Church Life,  World View

Pope Francis – Ten Years

Ten years ago this evening, I sat watching the white smoke rise from the chimney of the Sistine Chapel in Rome, indicating that a new Pope had been chosen. Millions of others around the world were similarly watching the news broadcasts with great interest and curiosity, wondering who this newly-elected Holy Father might be.

And then Cardinal Tauran, the Cardinal Protodeacon, came onto the loggia of the Basilica and uttered those words we all recognise – “Habemus Papam..”‘we have a Pope’. There was a momentary pause and then the name of the new Pope was declared – “Franciscus”. It was the first time a Pope had ever taken this particular name and it immediately conjured up images of St Francis of Assisi, the poor man who sought to rebuild the Church. How prophetic that would prove to be.

But which Cardinal had been chosen? Who was he? “Cardinale Jorge Mario Bergoglio”.

‘Who?’ asked almost the entire world, with a unified voice, closely followed by “from where?”.

Today, a full ten years on from that evening, we all know the Holy Father, Pope Francis.
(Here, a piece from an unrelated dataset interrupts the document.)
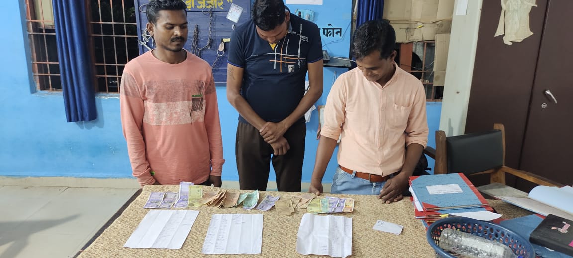 - प्रीतम कुमार मारण्डेय पिता कन्हैया दास उम्र 34 साल साकिन ग्राम उरईडबरी पुलिस चौकी चिचोला जिला राजनांदगंाव (छ0ग0) को ग्राम उरईडबरी पटपर जाने की रोड के पास अवैध रूप से रूपये-पैसे का दंाव लगाकर सट्टा-पट्टी लिखते पाये जाने पर आरोपी के कब्जे से 01 सट्टा-पट्टी, 01 डॉटपेन एवं नगदी रकम 430/-रू0 जप्त कर आरोपी के विरूद्ध अपराध क्रमांक- 426/2022 धारा- 4(क) जुआ एक्ट की कार्यवाही किया गया है।

And he has lived up to the expectations which his regnal name suggested to us all.

For me personally, I love this particular Pope very much indeed. I see in him the first Pope, Saint Peter; and I see within him the authentic light of the Gospel, a light which shines out upon the whole world. He has taught me about mercy – often in his words, but very powerfully in the example he sets before us day after day. This man asks us to do nothing which he does not do himself.
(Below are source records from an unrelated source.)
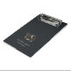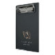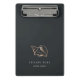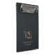Island chic personalized clipboard features two lines of custom text in classic white lettering, on a soft black background adorned with a tropical conch seashell illustration in faux copper foil. Design repeats on reverse side. Please note that this clipboard is a mini size; full size version also available in our Conch Shell collection.
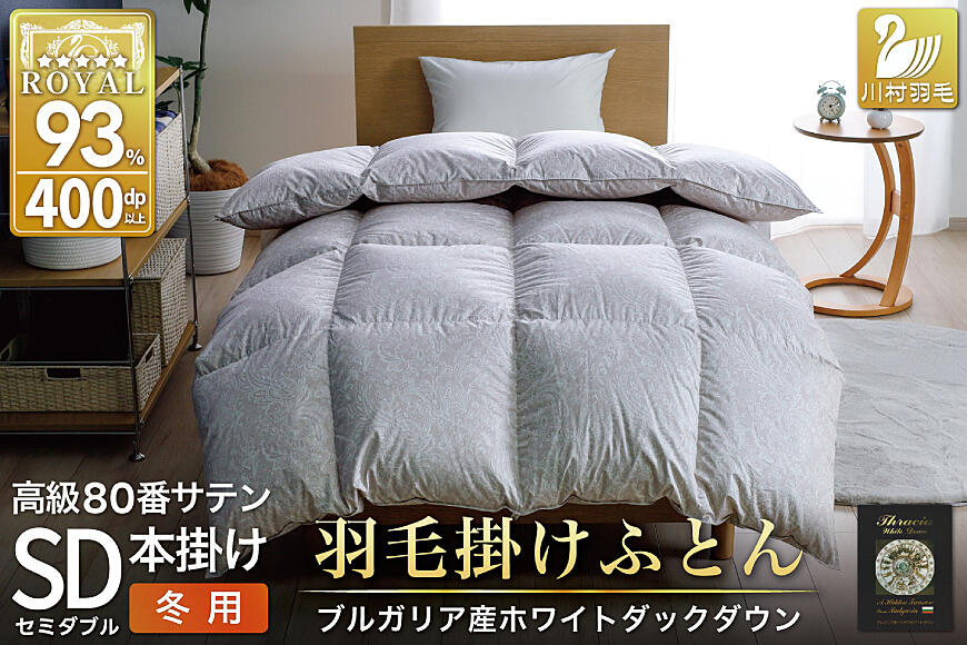 羽毛布団 本掛け ホワイトダックダウン93% セミダブル 1.5kg 綿100% シルバー [20745155]
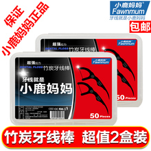 小鹿妈妈竹炭牙线顺滑牙线棒牙签线黑牙线弓形安全牙签2盒包邮

In his papacy, I see the gathering strength of the wind which blew through the Church at the Second Vatican Council – that wind is blowing today as the Pope reminds us what the Council taught and as he shapes the Church to more closely reflect those teachings.

In particular, I think of his teachings on holiness and on the duty every one of us has to respond to that ‘universal call to holiness’ which the Council placed before us – his document on this theme has profoundly affected me and I give thanks for that, even as I see myself failing so greatly over and over in trying to do something positive with it.

But for me he is, above all else, ‘The Pope Of Mercy’. He called the Jubilee of Mercy, which the Church so deeply needed in that moment as it needs it now. He opened wide the arms of the Church to all people, reminding us that it is a field hospital for the sick, not a museum for the perfect. Just as well, since there are so many of the former and so very few of the latter.

Today, I give very deep thanks for this Holy Father, God’s gift to His Church in these moments of human history, and exactly the gift we need; blessed be God for this.

May God bless you always, dear Holy Father, and may the Immaculate Heart of Mary smile upon you now and always.